Elle rouvrit les yeux, en face de son lit une croix en bois usée par les larmes et les prières. Elle songea au diable et se mit à lui parler à voix basse pour pas que les autres là-bas, ceux qui savaient, ne puissent l'entendre. Dieu Le Père l'avait bien laissée tomber alors à quoi bon s'adresser à lui? Et au fur et à mesure des paroles prononcées, elle eut la sensation d'être enfin écoutée, entendue. C'était comme une présence réconfortante et bienveillante à ses côtés.Un main chaude se blottit dans la sienne.Elle n'osa pas tourner la tête. Elle voulait savourer cet instant le plus loin possible, cette paix qu'elle n'avait jamais connue, cette compassion jamais ressentie.
Elle resta ainsi immobile. Combien de temps? Le temps n'avait plus d'importance de toute façon, il n'existait plus. C'était son éternité qu'elle dégustait avec délice et gourmandise. Elle finit par s'endormir et rêva.
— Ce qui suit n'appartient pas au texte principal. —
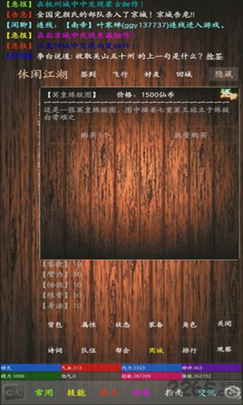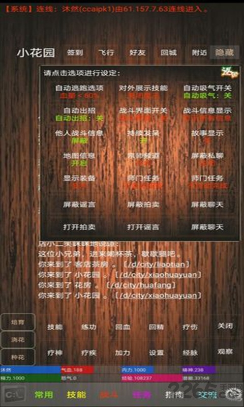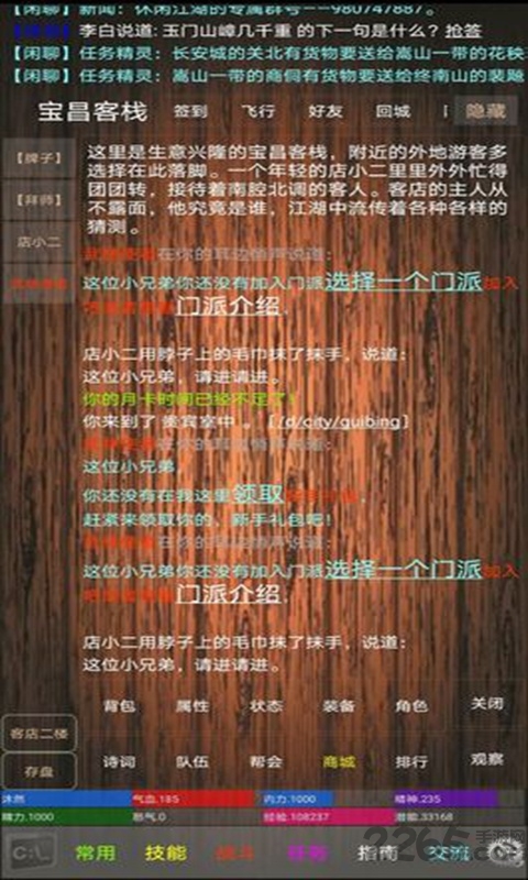 休闲江湖养成游戏是一款武侠题材的rpg游戏,采用了mud文字挂机玩法,在这里用文字就为你构建了庞大的武侠世界,你可以学习武功,习得心法,也能钓鱼养花,做个休闲侠客,感兴趣的朋友赶快来2265安卓网下载吧!

Dans ses rêves, les soieries, les perles, les dentelles dansaient dans le ciel, lui donnant l'apparence d'un royaume aux broderies surannées.
Quand elle s'éveilla, tout avait changé: elle n'était plus dans le lit de fer, mais couchée sur de la glace, une glace pure, totalement vierge. Des femmes radieuses aux regards perdus s'approchèrent d'elle, l'aidèrent à se relever. Ses petits pieds étaient nus et malgré cela, elle ne ressentait pas le froid. Les femmes la vêtirent de soie, de perles, de dentelles. 
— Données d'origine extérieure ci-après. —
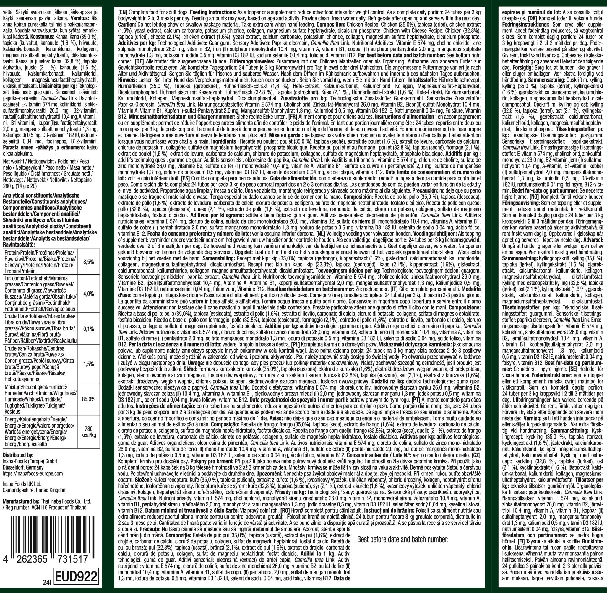 35 % Kuracie mäso, Sušená tapioka, 1,6 % Kuracie mäso[1], Výťažok z kvasníc, Calcium carbonate, Potassium chloride, Kolagén, Magnesium sulfate heptahydrate, Dicalcium phosphate

Alors un chant angélique commença à s'élever et chaque note ressemblait à un merveilleux cristal qui se formait dans la glace, jusqu'à la recouvrir complètement.
Les autres femmes la prirent par la taille et entamèrent une ronde. Leurs cheveux, libres, virevoltaient et souriaient aux anges.
Soudain, alors qu'elle tournoyait, elle s'arrêta et vit un lit en fer sur lequel reposait une demoiselle enroulée dans les bandelettes blanches. Elle comprit alors qu'elle était passée de l'autre côté du miroir à jamais figée dans un pâle reflet de qui elle était vraiment. A ce moment, la main chaude se glissa à nouveau dans la sienne et elle entendit un léger murmure: " Le diable, belle enfant, n'existe pas." Elle tourna la tête, ouvrit sa main toute chaude, et y vit un merveilleux cristal qui ne cessait de croître.